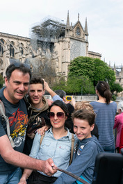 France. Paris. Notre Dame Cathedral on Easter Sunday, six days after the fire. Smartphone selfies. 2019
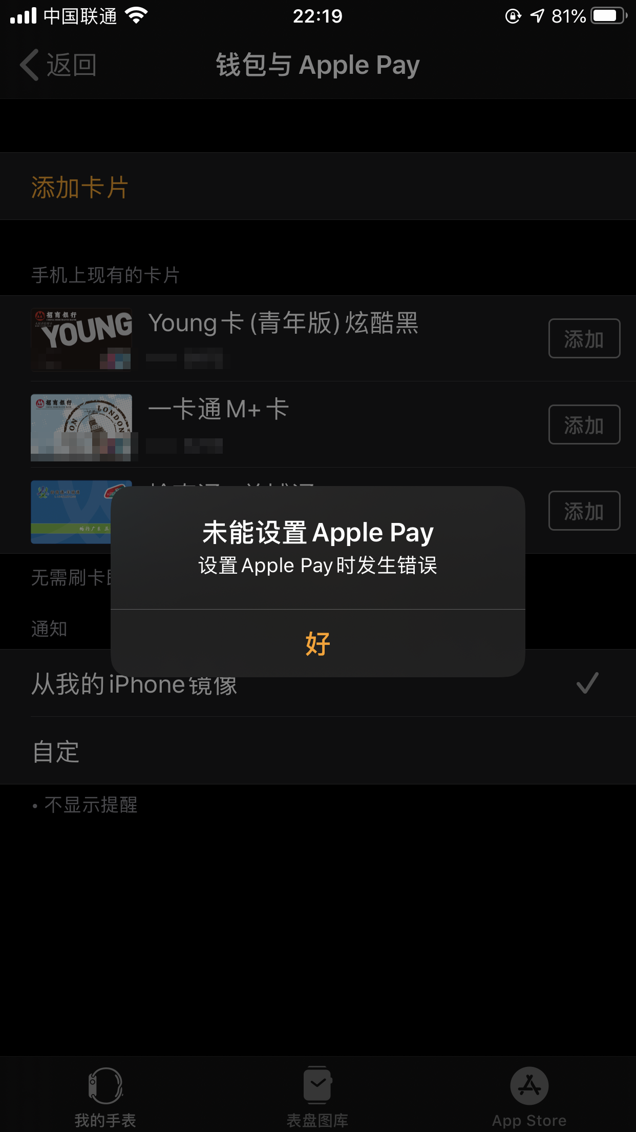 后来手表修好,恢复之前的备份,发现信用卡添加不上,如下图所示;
# # # # # # #
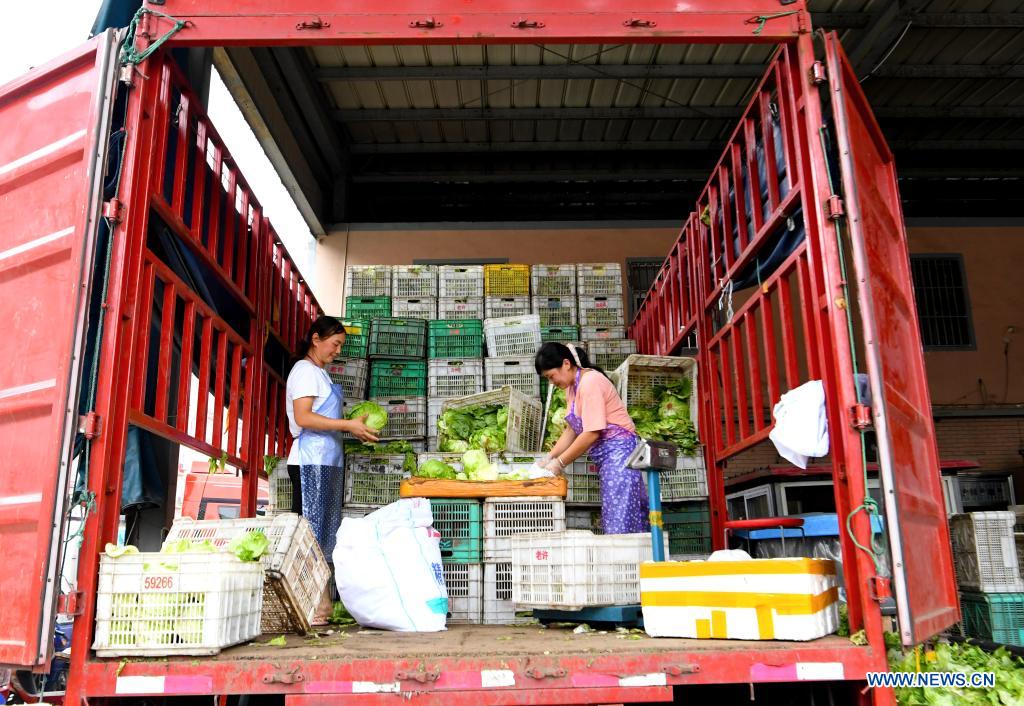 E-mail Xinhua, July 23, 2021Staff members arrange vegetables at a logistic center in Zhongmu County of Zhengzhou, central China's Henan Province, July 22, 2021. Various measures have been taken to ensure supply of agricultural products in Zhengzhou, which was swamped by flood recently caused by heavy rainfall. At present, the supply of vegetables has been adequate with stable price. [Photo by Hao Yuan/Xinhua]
# # # # # # #
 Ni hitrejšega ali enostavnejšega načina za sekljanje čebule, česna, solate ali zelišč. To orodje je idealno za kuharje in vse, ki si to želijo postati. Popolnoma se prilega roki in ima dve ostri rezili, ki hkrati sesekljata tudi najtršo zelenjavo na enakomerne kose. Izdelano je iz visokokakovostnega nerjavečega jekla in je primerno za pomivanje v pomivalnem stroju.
# # # # # # #
* [PROBLEM DESCRIPTION] Since the pictures are not part of the copy, please transcribe only the lines above from the one with "France. Paris. Notre" through the one with "后来手表修好,恢复之前的备份,发现信用卡添加不上,如下图所示;", exactly and with both ends.

* [SOLUTION BELOW]
 France. Paris. Notre Dame Cathedral on Easter Sunday, six days after the fire. Smartphone selfies. 2019
 后来手表修好,恢复之前的备份,发现信用卡添加不上,如下图所示;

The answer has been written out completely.